*Source material:*
· · · · ·
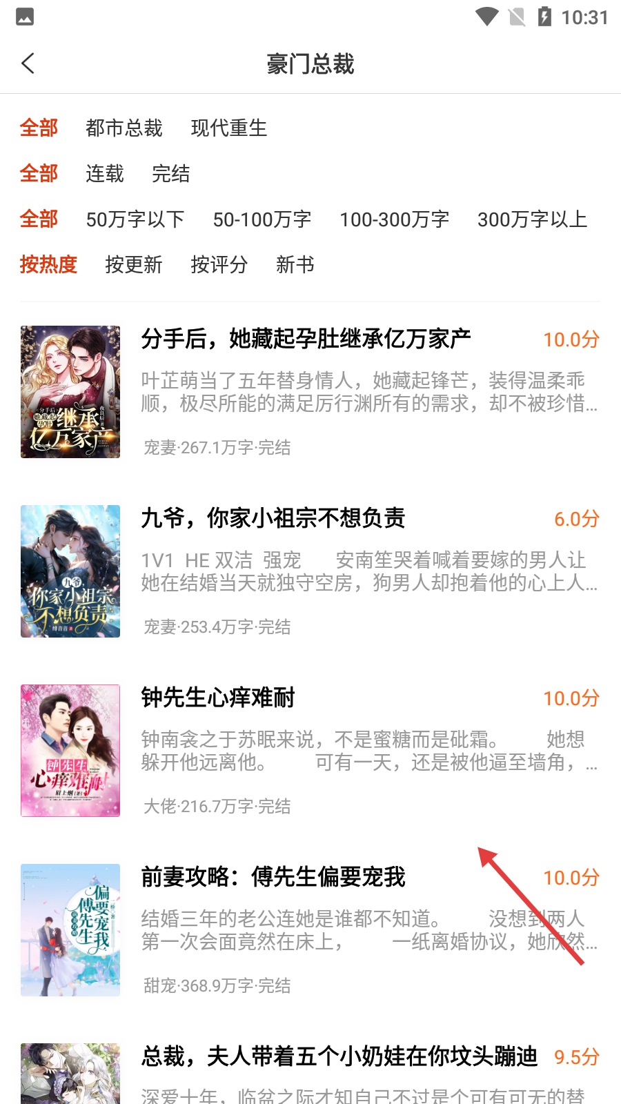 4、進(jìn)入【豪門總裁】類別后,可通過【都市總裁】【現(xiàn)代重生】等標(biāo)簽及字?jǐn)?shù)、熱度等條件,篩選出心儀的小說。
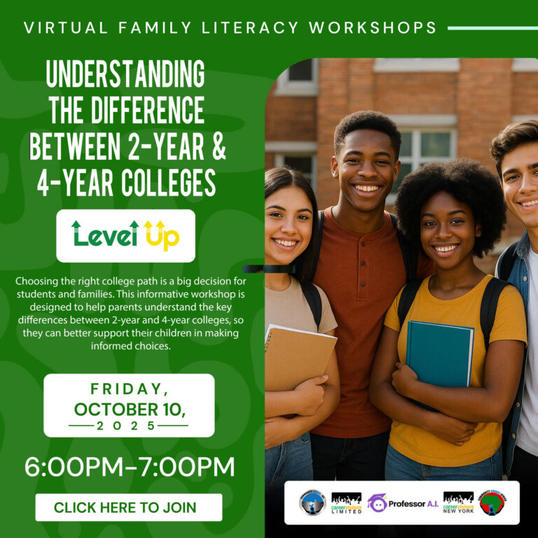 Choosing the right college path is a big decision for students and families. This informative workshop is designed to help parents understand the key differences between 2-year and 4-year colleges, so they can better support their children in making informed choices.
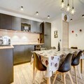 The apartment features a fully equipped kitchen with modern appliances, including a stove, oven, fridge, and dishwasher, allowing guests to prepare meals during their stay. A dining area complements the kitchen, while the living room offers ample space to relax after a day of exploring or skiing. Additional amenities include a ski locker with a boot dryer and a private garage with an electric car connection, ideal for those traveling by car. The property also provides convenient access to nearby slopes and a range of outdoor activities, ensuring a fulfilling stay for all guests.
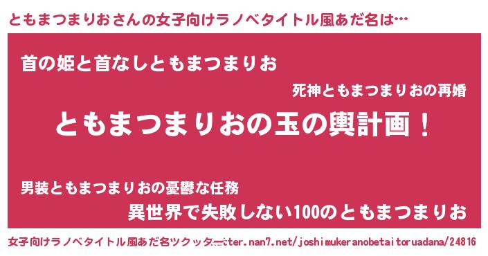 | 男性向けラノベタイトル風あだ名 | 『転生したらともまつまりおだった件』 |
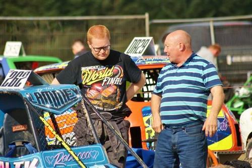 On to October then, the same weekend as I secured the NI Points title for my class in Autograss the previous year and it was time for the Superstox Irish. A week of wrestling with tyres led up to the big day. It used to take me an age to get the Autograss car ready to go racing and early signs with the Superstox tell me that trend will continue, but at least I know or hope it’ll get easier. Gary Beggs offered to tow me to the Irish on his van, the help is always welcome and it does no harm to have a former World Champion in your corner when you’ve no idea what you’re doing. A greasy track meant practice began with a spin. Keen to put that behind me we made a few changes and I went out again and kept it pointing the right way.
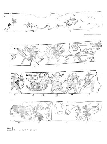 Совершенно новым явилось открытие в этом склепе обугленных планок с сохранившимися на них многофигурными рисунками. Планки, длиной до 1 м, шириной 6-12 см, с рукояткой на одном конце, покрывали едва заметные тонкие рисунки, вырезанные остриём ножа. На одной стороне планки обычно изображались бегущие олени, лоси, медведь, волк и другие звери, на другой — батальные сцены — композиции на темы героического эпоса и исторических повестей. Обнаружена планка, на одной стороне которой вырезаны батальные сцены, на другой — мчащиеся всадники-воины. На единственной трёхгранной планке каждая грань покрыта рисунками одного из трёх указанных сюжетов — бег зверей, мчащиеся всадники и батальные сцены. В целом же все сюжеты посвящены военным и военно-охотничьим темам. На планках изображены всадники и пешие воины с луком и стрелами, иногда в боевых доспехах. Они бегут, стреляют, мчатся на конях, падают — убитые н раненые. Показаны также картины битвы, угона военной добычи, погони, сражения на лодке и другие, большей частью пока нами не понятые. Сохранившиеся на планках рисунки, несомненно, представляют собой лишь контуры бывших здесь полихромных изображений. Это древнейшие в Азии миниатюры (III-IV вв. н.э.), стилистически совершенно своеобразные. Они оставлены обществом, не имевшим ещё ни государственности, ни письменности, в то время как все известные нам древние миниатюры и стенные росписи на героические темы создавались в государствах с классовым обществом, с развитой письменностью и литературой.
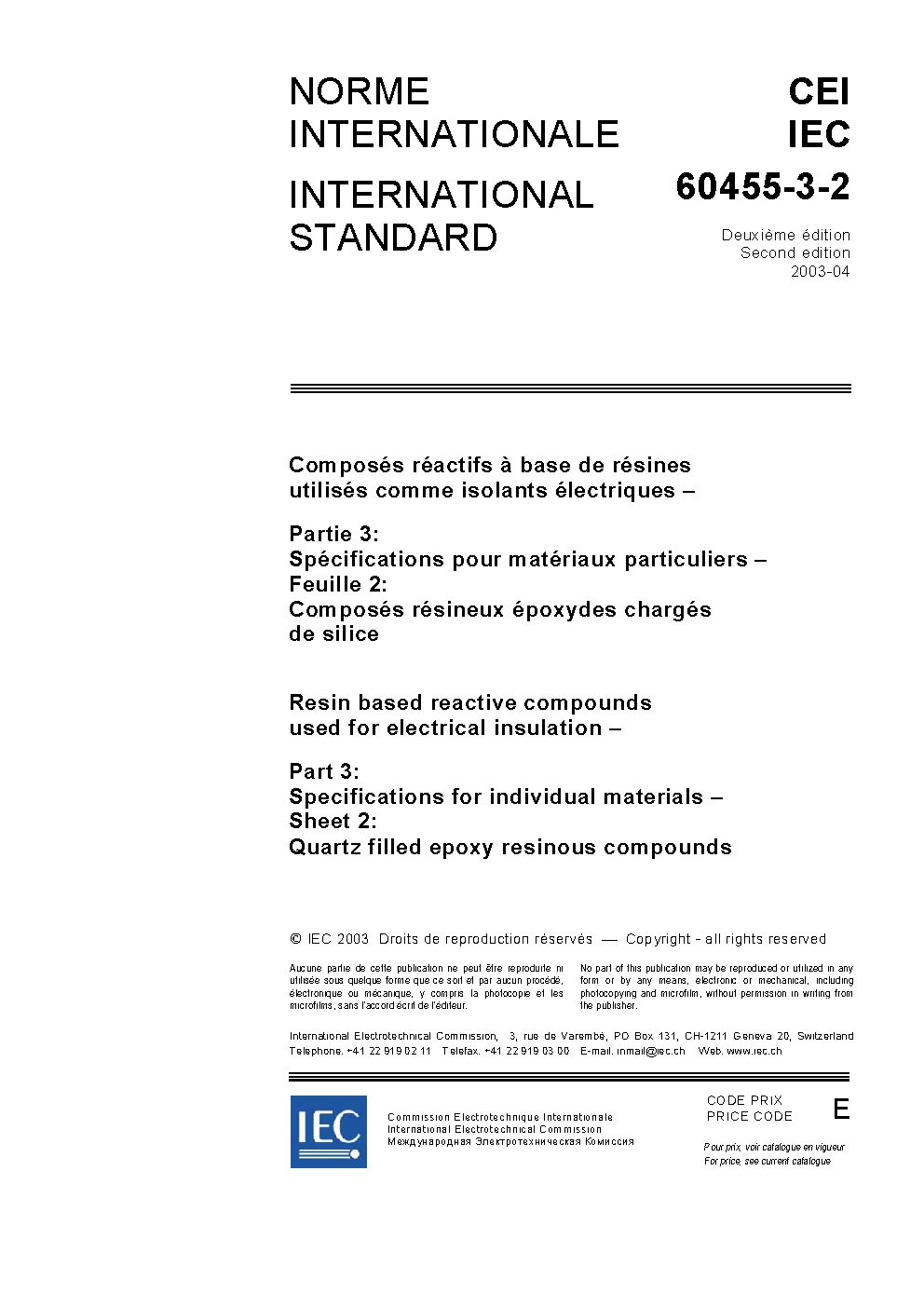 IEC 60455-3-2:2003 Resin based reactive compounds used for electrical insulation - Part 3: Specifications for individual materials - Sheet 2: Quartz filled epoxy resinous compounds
· · · · ·
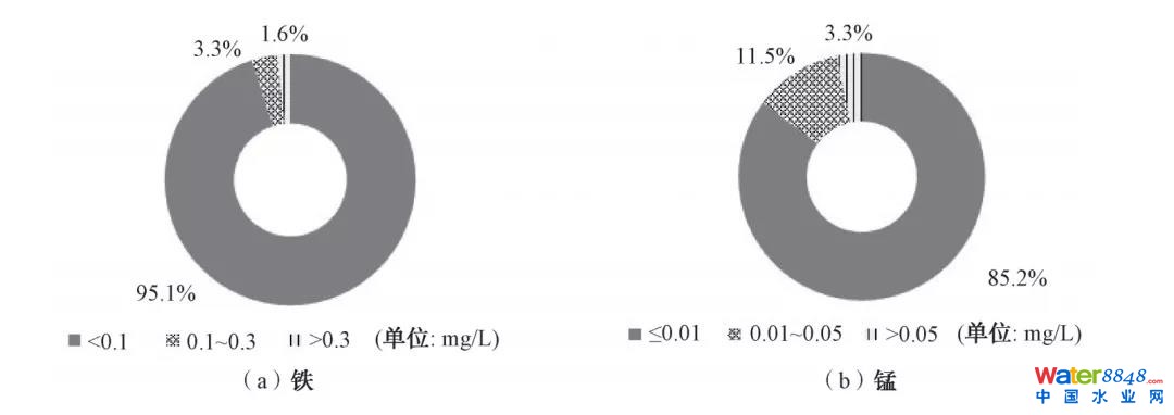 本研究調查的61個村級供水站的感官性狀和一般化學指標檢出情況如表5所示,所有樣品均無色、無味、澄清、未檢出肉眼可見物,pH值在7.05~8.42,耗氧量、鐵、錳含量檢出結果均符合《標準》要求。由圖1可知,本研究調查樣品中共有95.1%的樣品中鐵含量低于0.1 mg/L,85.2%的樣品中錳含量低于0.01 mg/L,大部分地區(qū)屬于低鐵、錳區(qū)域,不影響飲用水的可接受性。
· · · · ·
Using the entries above, reproduce word for word only the lines from the one that contains "4、進(jìn)入【豪門總裁" to the one that contains "On to October", both ends included, and drop every picture.

 4、進(jìn)入【豪門總裁】類別后,可通過【都市總裁】【現(xiàn)代重生】等標(biāo)簽及字?jǐn)?shù)、熱度等條件,篩選出心儀的小說。
 Choosing the right college path is a big decision for students and families. This informative workshop is designed to help parents understand the key differences between 2-year and 4-year colleges, so they can better support their children in making informed choices.
 The apartment features a fully equipped kitchen with modern appliances, including a stove, oven, fridge, and dishwasher, allowing guests to prepare meals during their stay. A dining area complements the kitchen, while the living room offers ample space to relax after a day of exploring or skiing. Additional amenities include a ski locker with a boot dryer and a private garage with an electric car connection, ideal for those traveling by car. The property also provides convenient access to nearby slopes and a range of outdoor activities, ensuring a fulfilling stay for all guests.
 | 男性向けラノベタイトル風あだ名 | 『転生したらともまつまりおだった件』 |
 On to October then, the same weekend as I secured the NI Points title for my class in Autograss the previous year and it was time for the Superstox Irish. A week of wrestling with tyres led up to the big day. It used to take me an age to get the Autograss car ready to go racing and early signs with the Superstox tell me that trend will continue, but at least I know or hope it’ll get easier. Gary Beggs offered to tow me to the Irish on his van, the help is always welcome and it does no harm to have a former World Champion in your corner when you’ve no idea what you’re doing. A greasy track meant practice began with a spin. Keen to put that behind me we made a few changes and I went out again and kept it pointing the right way.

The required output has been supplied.